HOW TO COMPLETE THIS TASK: Begin at the line below that holds "Das Birne7-Team aus" and end at the line that holds "Temperature sensing sock", transcribing each line exactly and skipping any picture.

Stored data
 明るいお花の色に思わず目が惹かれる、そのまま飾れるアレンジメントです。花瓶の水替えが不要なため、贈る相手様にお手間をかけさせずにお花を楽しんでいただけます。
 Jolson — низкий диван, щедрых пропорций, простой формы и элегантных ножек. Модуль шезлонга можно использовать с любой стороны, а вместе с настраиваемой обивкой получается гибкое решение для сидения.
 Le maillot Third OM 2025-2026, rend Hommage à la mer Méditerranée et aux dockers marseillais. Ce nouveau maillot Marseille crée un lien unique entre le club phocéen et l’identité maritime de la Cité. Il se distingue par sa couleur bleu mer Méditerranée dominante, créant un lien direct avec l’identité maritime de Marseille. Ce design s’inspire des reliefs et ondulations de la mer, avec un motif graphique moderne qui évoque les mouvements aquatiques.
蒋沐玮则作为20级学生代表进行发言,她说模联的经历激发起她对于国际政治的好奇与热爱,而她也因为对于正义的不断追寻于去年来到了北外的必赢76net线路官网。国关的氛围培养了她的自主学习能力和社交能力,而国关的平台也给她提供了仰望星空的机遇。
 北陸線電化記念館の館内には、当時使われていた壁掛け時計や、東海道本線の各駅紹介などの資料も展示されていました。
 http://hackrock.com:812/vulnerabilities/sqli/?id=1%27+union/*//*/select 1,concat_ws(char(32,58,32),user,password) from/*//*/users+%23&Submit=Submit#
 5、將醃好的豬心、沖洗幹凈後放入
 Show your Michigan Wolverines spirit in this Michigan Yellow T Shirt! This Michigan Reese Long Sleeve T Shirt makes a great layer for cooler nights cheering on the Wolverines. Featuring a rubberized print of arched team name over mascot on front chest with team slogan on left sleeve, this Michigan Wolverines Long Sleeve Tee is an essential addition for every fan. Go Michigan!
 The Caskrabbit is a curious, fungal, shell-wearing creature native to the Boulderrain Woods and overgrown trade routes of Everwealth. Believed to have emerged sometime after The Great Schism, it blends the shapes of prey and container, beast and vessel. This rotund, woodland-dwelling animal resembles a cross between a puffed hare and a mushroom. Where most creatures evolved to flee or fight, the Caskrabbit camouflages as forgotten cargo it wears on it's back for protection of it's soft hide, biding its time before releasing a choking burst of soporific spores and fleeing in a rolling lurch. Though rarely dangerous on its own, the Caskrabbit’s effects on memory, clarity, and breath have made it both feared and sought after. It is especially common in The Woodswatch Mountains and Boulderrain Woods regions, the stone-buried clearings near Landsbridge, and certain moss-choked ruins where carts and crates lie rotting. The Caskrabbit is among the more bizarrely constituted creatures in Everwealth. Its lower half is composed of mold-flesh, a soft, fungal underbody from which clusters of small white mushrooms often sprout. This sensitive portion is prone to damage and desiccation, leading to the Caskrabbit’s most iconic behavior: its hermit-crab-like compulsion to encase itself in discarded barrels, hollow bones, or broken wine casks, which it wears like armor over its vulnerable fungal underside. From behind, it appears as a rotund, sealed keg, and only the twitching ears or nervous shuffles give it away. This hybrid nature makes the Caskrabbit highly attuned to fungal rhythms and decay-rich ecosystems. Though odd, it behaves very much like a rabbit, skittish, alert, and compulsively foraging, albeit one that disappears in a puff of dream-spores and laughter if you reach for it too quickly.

* * *

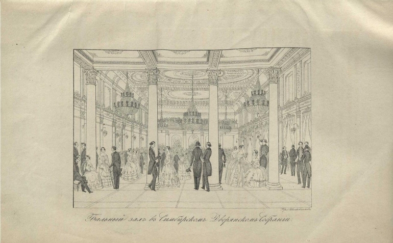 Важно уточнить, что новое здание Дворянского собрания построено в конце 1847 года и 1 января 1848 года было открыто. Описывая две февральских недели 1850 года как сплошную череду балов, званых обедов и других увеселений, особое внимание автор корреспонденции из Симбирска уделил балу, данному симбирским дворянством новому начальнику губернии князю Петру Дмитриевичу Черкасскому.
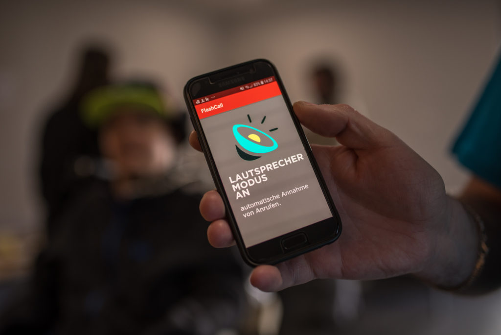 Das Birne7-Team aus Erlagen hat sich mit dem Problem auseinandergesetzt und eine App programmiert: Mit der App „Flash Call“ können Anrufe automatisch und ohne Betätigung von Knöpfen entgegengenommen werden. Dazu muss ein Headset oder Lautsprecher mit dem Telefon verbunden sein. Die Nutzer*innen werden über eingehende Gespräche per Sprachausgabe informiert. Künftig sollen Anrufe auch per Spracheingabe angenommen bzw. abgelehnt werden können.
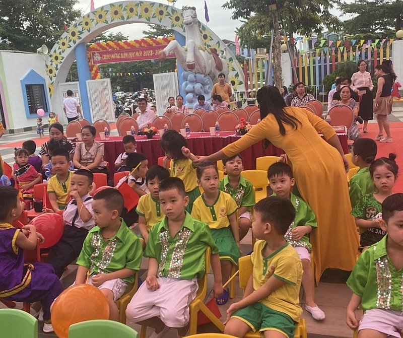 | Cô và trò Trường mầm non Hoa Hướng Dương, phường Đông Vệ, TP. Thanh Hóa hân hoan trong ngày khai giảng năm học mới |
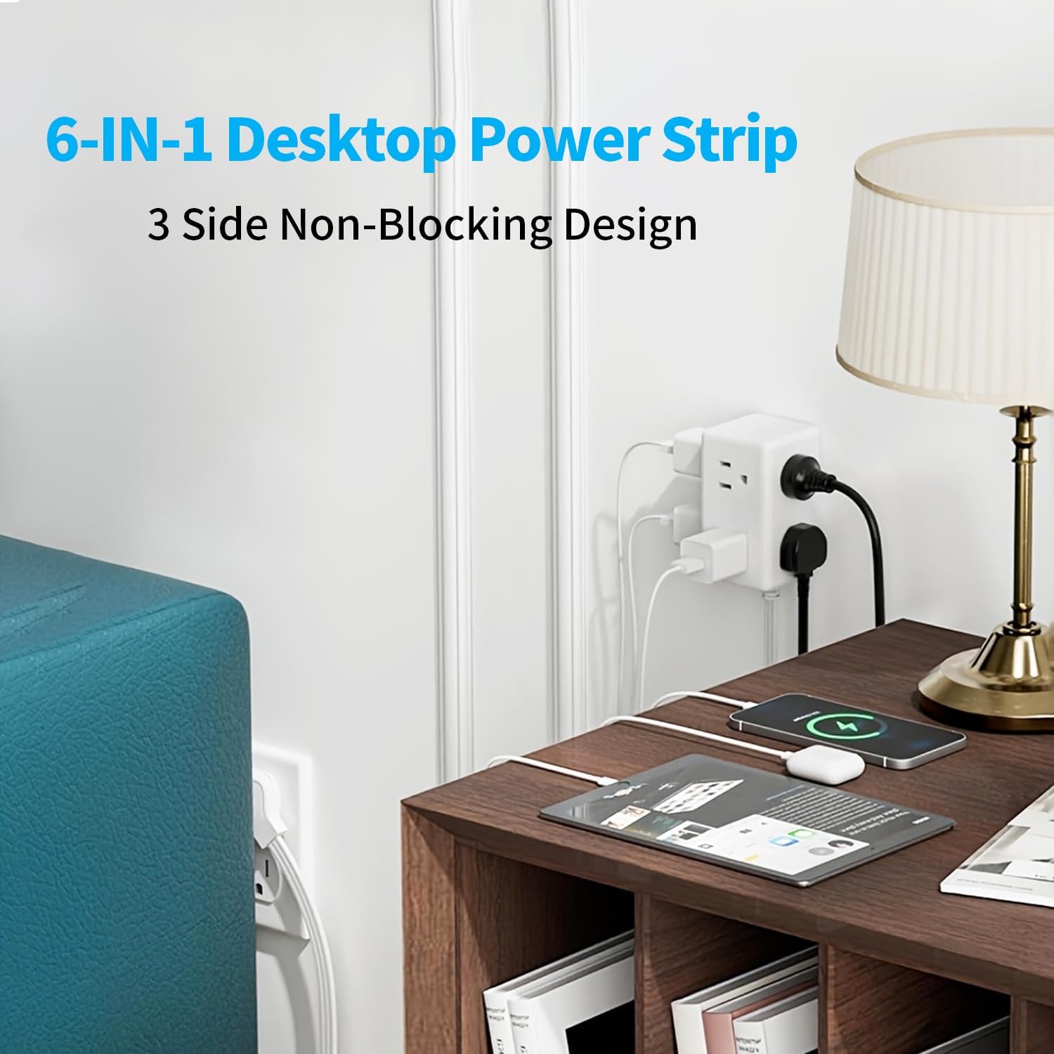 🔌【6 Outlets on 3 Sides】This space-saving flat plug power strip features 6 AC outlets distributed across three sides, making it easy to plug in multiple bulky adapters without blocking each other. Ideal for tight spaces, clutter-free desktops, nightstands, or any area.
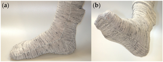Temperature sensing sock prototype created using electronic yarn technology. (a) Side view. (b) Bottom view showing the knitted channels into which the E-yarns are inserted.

---

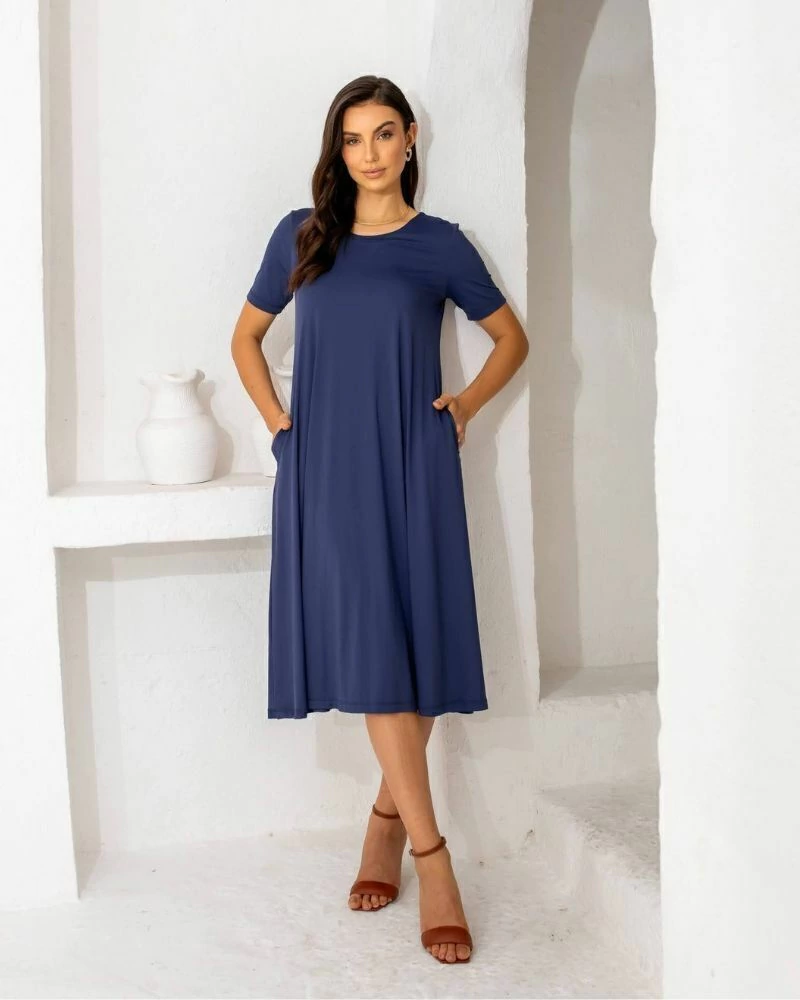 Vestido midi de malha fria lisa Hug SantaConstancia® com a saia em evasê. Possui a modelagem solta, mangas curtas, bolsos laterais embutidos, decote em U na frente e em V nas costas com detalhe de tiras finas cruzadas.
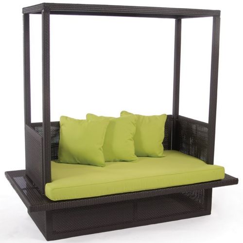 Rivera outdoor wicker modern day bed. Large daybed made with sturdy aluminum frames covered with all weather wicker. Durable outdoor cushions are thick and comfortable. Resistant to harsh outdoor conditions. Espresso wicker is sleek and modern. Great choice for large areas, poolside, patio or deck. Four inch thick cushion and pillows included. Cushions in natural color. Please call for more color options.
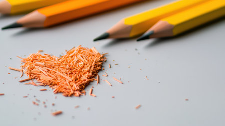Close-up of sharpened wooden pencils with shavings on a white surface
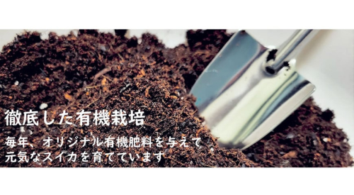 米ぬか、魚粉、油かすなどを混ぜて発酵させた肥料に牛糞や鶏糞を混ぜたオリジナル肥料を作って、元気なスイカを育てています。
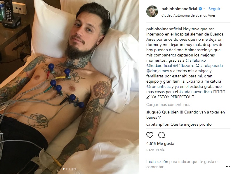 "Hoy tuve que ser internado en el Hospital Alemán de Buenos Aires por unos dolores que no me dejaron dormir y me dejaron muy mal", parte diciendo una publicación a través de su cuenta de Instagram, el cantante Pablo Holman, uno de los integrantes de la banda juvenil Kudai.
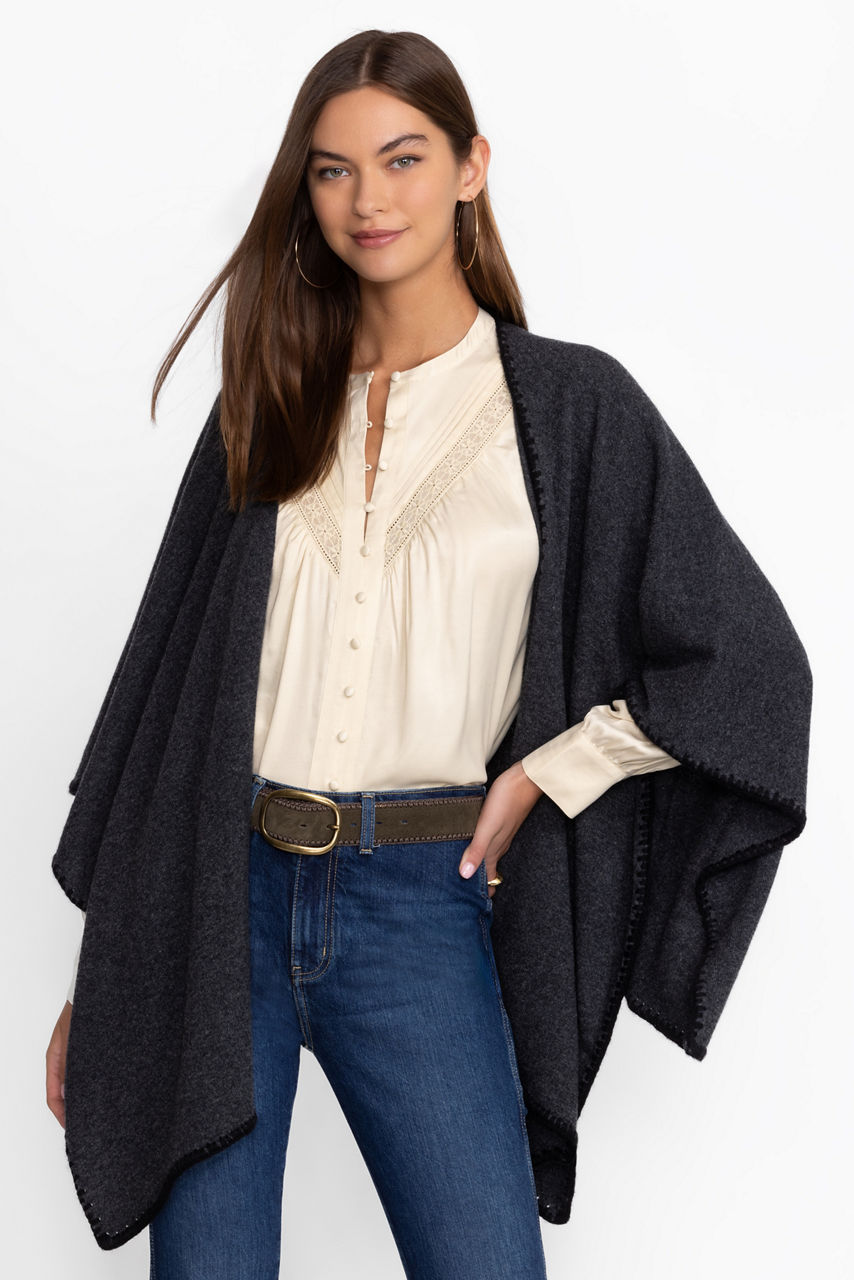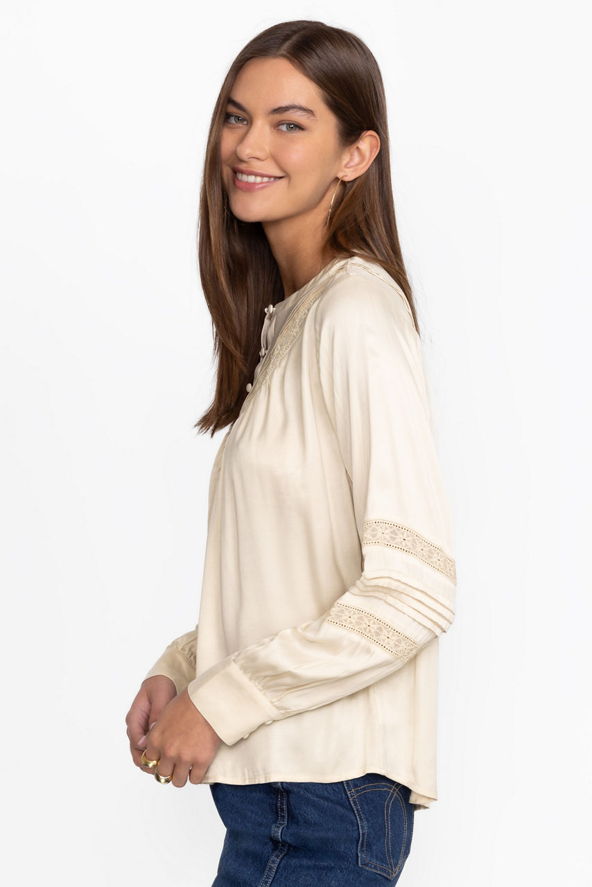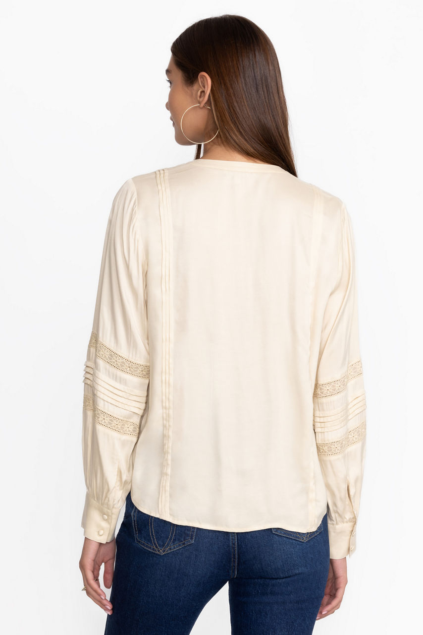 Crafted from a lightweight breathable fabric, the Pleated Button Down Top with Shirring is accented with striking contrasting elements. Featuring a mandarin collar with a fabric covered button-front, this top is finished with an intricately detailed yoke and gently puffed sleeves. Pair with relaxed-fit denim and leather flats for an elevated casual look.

SOLUTION TO THIS PROBLEM:
 Das Birne7-Team aus Erlagen hat sich mit dem Problem auseinandergesetzt und eine App programmiert: Mit der App „Flash Call“ können Anrufe automatisch und ohne Betätigung von Knöpfen entgegengenommen werden. Dazu muss ein Headset oder Lautsprecher mit dem Telefon verbunden sein. Die Nutzer*innen werden über eingehende Gespräche per Sprachausgabe informiert. Künftig sollen Anrufe auch per Spracheingabe angenommen bzw. abgelehnt werden können.
 | Cô và trò Trường mầm non Hoa Hướng Dương, phường Đông Vệ, TP. Thanh Hóa hân hoan trong ngày khai giảng năm học mới |
 🔌【6 Outlets on 3 Sides】This space-saving flat plug power strip features 6 AC outlets distributed across three sides, making it easy to plug in multiple bulky adapters without blocking each other. Ideal for tight spaces, clutter-free desktops, nightstands, or any area.
Temperature sensing sock prototype created using electronic yarn technology. (a) Side view. (b) Bottom view showing the knitted channels into which the E-yarns are inserted.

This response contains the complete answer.